MY emotions have been BHAM for many years now. Even when I was a teenager I was dealt a hand that I had NO choice in. I was fucking murdered inside and I dealt with it...........I had too. I held it in for soo long, even went to couseling and still couldn't divulge what it was that had upset me so much. I was dying a slow death and I managed to take enough pills to numb the pain. Because guess what? I'm a guy who lives by my emotions. I don't think constructively, I don't work out my finances etc or my bills and food shopping I live by my emotions. THAT IS WHAT I DO!! (that reminds me of a film when he shouts that out can you remember it???? It starred Samuel L Jackson as a School Teacher???)lol
Well I have to bring light of a situation don't I? I am HIPPIE after all!!

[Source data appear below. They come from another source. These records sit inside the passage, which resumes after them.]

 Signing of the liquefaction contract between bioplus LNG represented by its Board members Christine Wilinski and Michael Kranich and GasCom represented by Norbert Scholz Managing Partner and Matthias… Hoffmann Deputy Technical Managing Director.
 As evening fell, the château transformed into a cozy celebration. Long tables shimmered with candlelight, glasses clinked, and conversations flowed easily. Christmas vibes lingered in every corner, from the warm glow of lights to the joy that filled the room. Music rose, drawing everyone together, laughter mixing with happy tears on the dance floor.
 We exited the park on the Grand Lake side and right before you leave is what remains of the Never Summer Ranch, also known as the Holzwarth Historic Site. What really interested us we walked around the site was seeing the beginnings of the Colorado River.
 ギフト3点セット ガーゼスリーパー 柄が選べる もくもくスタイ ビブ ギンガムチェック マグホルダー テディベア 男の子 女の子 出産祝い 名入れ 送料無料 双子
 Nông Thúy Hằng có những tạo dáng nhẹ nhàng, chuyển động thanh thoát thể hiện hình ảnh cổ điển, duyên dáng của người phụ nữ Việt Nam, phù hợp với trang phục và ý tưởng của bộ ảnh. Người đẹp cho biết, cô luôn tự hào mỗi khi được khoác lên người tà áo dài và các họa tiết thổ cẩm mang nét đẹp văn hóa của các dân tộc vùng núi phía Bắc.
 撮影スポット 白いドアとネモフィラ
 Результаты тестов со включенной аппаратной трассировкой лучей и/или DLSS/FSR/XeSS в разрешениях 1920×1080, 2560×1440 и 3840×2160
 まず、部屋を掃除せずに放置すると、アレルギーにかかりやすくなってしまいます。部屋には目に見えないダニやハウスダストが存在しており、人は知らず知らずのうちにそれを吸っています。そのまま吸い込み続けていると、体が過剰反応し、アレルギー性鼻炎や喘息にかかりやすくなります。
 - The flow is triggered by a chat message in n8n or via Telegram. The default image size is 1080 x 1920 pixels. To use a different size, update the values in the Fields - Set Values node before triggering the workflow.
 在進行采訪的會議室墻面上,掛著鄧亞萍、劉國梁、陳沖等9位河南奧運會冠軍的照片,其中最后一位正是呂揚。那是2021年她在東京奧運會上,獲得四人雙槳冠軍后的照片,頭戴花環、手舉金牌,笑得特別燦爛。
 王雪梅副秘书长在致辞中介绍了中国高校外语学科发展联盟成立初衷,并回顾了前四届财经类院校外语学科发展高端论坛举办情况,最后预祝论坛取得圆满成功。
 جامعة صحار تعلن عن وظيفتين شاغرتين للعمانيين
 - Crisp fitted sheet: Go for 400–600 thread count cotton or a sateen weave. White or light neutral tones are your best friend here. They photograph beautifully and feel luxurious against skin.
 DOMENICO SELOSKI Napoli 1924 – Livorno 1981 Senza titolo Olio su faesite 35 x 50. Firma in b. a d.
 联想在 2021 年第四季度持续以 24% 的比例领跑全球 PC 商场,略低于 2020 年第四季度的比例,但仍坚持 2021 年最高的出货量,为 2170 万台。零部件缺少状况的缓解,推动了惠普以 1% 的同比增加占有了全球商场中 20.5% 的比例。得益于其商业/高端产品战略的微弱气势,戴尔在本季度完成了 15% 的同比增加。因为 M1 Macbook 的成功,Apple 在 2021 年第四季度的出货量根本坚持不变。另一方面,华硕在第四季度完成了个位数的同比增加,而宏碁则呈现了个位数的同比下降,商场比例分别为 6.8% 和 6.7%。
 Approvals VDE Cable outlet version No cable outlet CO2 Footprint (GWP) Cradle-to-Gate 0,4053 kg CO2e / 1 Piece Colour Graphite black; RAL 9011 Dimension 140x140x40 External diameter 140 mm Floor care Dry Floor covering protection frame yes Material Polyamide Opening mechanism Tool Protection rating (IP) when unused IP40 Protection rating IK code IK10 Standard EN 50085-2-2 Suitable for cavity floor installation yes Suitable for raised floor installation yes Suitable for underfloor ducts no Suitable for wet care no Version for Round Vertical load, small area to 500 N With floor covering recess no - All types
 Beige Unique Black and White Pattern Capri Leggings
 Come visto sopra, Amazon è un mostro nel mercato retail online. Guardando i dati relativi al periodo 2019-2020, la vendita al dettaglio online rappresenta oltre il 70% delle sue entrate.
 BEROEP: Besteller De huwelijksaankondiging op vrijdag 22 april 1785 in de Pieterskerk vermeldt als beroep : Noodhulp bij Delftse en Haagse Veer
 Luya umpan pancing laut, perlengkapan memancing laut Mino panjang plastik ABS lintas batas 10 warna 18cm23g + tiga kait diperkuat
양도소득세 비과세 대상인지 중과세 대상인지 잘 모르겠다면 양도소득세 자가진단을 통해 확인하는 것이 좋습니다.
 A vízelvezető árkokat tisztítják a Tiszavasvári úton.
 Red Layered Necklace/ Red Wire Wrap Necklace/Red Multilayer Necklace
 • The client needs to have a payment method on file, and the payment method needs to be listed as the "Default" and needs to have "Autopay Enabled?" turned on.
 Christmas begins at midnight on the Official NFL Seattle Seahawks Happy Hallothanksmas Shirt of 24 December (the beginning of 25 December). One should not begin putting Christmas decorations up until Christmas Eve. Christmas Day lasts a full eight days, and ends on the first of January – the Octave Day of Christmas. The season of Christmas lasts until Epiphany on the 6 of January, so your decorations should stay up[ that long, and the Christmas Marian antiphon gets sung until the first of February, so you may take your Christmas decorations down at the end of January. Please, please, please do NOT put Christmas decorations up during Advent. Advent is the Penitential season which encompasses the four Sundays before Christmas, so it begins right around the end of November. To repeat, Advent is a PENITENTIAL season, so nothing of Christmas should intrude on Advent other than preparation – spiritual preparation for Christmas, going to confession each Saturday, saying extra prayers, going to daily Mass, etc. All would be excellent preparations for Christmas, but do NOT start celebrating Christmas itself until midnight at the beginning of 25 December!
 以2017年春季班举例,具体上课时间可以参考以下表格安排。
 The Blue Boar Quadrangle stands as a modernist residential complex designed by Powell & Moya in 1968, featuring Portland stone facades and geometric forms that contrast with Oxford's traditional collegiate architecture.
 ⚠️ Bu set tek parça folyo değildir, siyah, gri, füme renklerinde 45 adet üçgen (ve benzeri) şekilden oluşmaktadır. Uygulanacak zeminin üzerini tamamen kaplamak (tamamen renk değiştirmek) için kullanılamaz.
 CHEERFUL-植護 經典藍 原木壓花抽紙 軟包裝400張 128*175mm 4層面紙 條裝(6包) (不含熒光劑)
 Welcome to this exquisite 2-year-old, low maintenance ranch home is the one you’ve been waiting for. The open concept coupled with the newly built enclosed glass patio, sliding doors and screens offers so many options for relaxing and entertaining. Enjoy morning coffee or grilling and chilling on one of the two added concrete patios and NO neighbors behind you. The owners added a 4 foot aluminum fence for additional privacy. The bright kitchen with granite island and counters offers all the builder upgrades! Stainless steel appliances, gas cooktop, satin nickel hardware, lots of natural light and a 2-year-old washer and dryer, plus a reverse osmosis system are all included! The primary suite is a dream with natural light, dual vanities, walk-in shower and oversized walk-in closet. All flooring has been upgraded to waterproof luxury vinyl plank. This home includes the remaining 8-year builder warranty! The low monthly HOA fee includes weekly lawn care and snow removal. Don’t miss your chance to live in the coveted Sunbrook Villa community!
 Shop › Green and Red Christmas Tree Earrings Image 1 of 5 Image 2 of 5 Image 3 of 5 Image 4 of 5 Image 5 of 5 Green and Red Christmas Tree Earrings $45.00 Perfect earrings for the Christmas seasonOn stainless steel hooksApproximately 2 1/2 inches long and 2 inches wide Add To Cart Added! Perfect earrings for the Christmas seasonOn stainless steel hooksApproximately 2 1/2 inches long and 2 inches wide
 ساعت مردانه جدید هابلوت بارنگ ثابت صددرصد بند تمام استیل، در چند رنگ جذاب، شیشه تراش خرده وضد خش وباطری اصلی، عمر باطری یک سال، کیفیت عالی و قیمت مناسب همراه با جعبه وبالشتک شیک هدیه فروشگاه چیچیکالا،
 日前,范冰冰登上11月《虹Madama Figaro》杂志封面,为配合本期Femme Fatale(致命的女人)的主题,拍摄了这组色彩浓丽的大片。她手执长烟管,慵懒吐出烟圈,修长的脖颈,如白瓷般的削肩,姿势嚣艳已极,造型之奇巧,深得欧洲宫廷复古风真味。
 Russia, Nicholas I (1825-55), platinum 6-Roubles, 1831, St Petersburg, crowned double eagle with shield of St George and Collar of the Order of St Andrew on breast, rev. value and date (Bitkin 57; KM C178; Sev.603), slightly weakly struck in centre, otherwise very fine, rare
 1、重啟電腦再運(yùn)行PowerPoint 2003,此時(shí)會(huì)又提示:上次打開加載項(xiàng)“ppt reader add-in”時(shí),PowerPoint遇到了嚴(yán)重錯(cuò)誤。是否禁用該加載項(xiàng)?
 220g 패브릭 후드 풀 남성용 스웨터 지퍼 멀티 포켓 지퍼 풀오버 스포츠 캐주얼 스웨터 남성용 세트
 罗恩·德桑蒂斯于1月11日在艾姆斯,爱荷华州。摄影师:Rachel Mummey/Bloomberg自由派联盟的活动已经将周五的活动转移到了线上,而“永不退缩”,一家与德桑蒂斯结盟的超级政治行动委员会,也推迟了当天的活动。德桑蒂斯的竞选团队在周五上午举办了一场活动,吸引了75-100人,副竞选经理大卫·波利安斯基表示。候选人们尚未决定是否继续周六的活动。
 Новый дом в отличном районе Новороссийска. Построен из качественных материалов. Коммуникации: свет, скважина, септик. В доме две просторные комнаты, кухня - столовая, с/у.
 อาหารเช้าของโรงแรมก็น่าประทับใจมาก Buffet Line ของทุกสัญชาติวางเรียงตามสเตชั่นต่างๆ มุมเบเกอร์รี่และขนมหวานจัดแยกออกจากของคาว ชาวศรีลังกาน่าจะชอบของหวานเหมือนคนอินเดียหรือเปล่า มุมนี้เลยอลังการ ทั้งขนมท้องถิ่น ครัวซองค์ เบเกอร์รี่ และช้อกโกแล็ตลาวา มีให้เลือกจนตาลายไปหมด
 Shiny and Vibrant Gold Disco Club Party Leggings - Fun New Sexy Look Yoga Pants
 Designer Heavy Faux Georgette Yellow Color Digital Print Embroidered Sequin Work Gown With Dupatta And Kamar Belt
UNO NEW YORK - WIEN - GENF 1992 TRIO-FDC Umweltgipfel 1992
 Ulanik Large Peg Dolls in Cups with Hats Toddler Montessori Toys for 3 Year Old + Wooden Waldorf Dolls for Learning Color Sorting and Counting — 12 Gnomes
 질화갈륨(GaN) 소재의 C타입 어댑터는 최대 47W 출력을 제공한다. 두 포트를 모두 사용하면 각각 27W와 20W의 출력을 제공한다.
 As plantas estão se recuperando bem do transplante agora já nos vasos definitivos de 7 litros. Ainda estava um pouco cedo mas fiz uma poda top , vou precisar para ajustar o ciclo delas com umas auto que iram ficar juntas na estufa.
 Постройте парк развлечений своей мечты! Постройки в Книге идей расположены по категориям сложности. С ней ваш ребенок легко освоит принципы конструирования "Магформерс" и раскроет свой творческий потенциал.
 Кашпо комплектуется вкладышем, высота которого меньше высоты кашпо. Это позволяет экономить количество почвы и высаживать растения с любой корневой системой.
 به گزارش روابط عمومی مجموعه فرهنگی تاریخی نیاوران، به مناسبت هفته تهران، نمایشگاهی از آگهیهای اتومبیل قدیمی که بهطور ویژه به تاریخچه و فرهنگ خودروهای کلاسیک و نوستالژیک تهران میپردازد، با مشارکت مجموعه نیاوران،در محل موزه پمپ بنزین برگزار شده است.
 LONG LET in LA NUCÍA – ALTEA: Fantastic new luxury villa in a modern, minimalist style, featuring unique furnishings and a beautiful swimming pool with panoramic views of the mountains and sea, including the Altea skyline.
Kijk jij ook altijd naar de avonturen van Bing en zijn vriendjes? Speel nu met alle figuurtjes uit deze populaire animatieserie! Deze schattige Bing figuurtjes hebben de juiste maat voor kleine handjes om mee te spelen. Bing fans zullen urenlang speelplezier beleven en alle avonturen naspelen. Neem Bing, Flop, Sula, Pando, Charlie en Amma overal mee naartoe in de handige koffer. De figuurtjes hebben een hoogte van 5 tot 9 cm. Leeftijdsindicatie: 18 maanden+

So, for me my iniital problem was I had a drink problem????? ~Yeah right!! I've had a drink problem all my life because my emotional state has made me that way. I could get a problem in any kind of way......HEROIN?? (GOD easy!) COCAINE?? (BEEN THERE Dunnit as I have SPEED) PILLS (e's vallies GHB?) DONE THAT NEXT??????????? SMOKING CRACK????????...........well done that a few times when I scored heroin and believe me not as bad as they make out on the news....... I mean no disrespect Mr T!! I know what you went through mate and your story sticks in my head. Each to their own.
So basically where am I leading with this story???
Well I'm trying to say that emotianally I've been a child. I have never grown up in this life and taken the full responsibility for MY own life. I've relied on everyone else around me to give me the support when I've fallen down and been forgiven when I've FUCKED up. AND people have done that for me. SO...............Guess what??? It's easy innit? I just FUCK UP and say I'm sorry and it's all forgotten about..................YEAH???
NO! I've done that too many years. I've had a good life, I've had a good childhood. I was not abused as a child I had the perfect family upbringing. My parents loved me and they wanted the best for ALL their kids. I got my pocket money, I spent time being naughty and smashing windows etc. I skateboarded down hills that were WHOW!! I nearly drowned, I went fishing at midnight without my parents knowing I was out. etc etc. Times were good!! THEN I started thinking about things. Then my emotions got involved and they made me realise I'm not a child anymore. I felt things were wrong about this world, I found 'politics', I found discord in this world. I hated this fucking world (EMO???). WHATEVER?? Don't label it?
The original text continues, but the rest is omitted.